(Data for review)

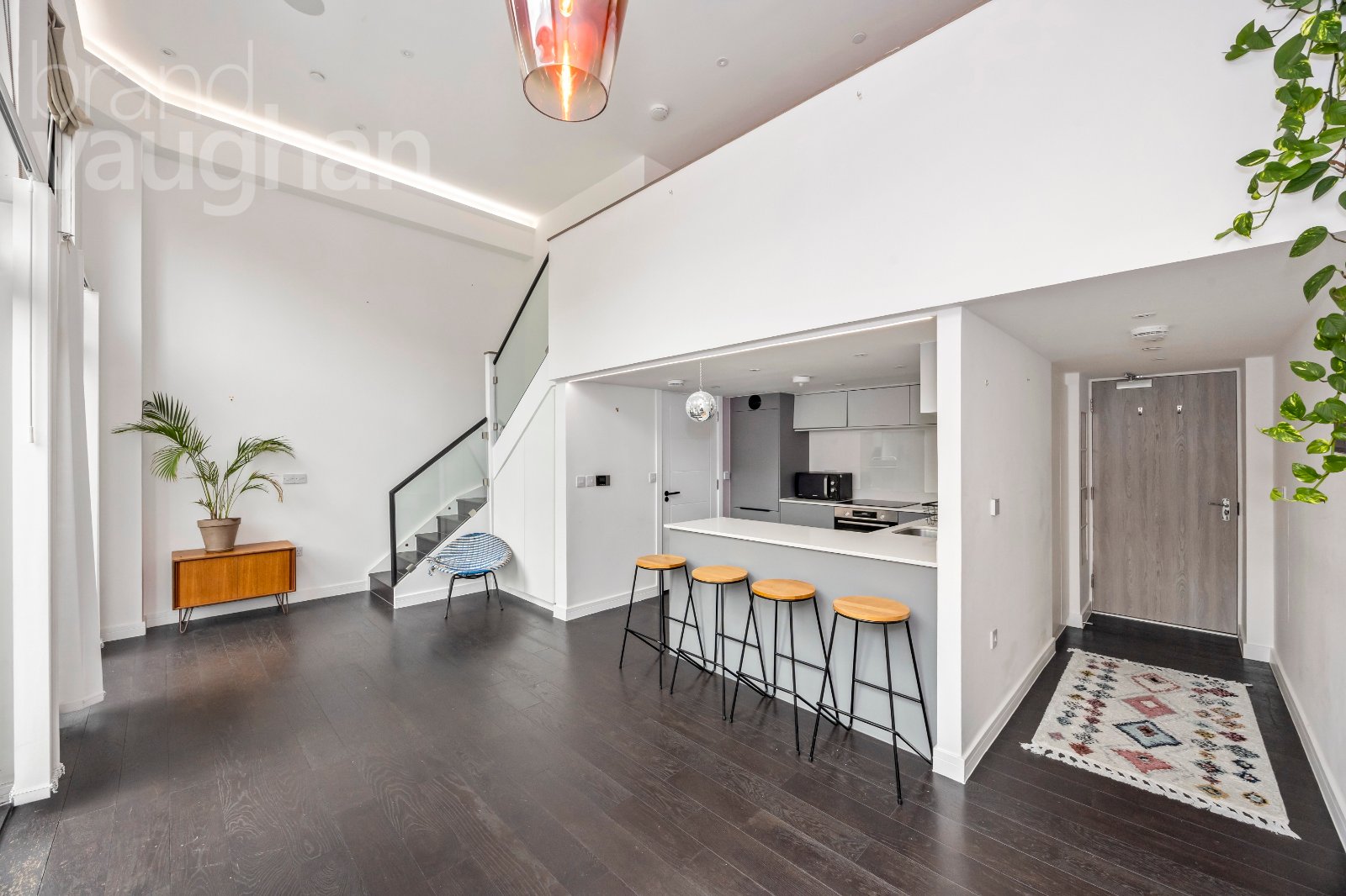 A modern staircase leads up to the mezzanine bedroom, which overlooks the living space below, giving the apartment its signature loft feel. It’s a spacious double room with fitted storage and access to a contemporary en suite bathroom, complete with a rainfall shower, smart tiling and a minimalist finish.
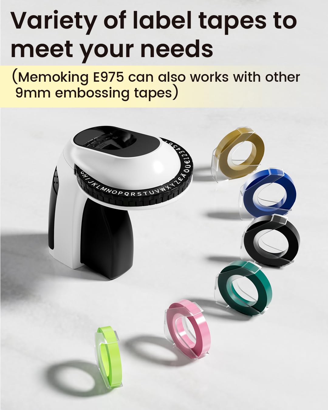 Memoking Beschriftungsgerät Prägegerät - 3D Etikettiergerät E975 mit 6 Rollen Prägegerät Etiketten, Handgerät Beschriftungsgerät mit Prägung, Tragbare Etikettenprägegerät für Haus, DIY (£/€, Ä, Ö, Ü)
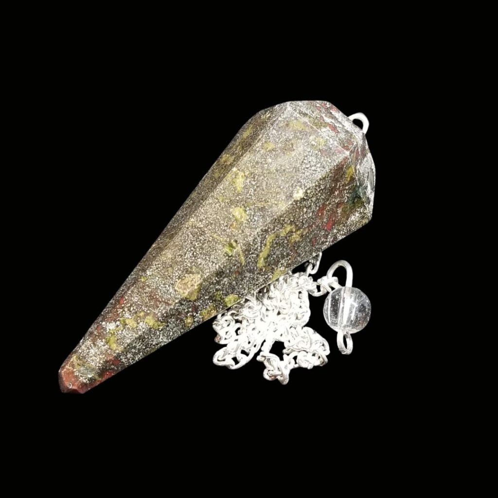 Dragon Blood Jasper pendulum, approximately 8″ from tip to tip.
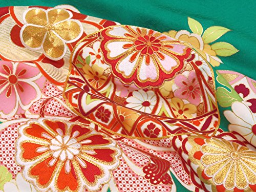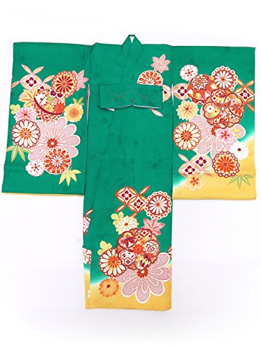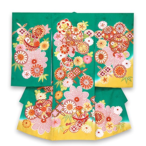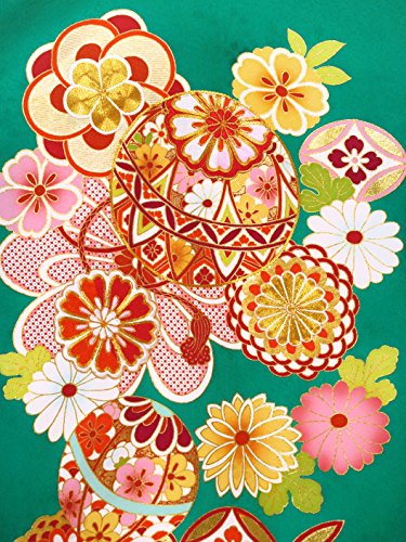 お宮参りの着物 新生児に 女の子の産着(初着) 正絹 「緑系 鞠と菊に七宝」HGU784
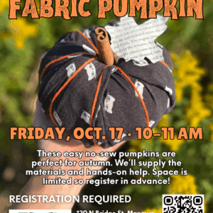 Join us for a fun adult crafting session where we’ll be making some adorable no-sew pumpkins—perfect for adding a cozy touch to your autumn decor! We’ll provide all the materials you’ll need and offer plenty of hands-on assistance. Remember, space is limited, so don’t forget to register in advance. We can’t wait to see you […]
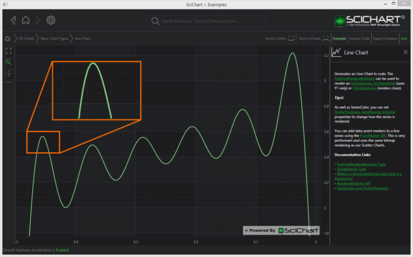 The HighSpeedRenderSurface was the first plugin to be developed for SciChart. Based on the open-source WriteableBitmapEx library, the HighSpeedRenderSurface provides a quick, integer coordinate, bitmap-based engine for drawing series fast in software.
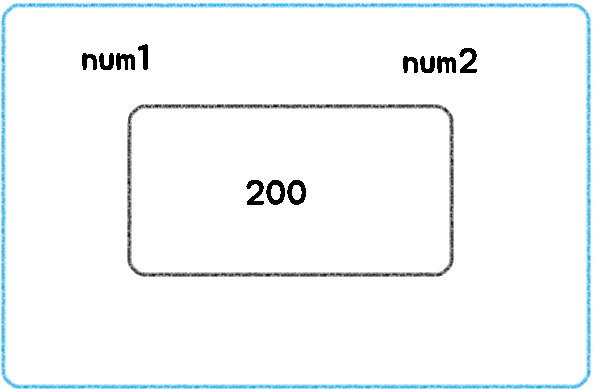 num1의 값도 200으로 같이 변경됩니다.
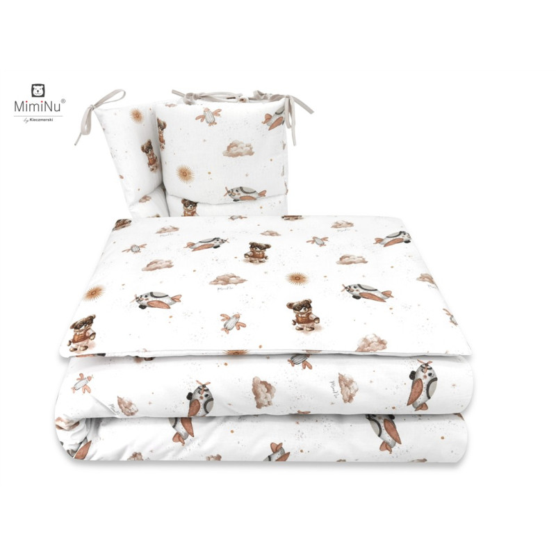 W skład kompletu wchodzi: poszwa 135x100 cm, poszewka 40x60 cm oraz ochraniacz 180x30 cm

(Work task) From the first line to the last, set down the records word for word and drop the images.

(Written reply)
 A modern staircase leads up to the mezzanine bedroom, which overlooks the living space below, giving the apartment its signature loft feel. It’s a spacious double room with fitted storage and access to a contemporary en suite bathroom, complete with a rainfall shower, smart tiling and a minimalist finish.
 Memoking Beschriftungsgerät Prägegerät - 3D Etikettiergerät E975 mit 6 Rollen Prägegerät Etiketten, Handgerät Beschriftungsgerät mit Prägung, Tragbare Etikettenprägegerät für Haus, DIY (£/€, Ä, Ö, Ü)
 Dragon Blood Jasper pendulum, approximately 8″ from tip to tip.
 お宮参りの着物 新生児に 女の子の産着(初着) 正絹 「緑系 鞠と菊に七宝」HGU784
 Join us for a fun adult crafting session where we’ll be making some adorable no-sew pumpkins—perfect for adding a cozy touch to your autumn decor! We’ll provide all the materials you’ll need and offer plenty of hands-on assistance. Remember, space is limited, so don’t forget to register in advance. We can’t wait to see you […]
 The HighSpeedRenderSurface was the first plugin to be developed for SciChart. Based on the open-source WriteableBitmapEx library, the HighSpeedRenderSurface provides a quick, integer coordinate, bitmap-based engine for drawing series fast in software.
 num1의 값도 200으로 같이 변경됩니다.
 W skład kompletu wchodzi: poszwa 135x100 cm, poszewka 40x60 cm oraz ochraniacz 180x30 cm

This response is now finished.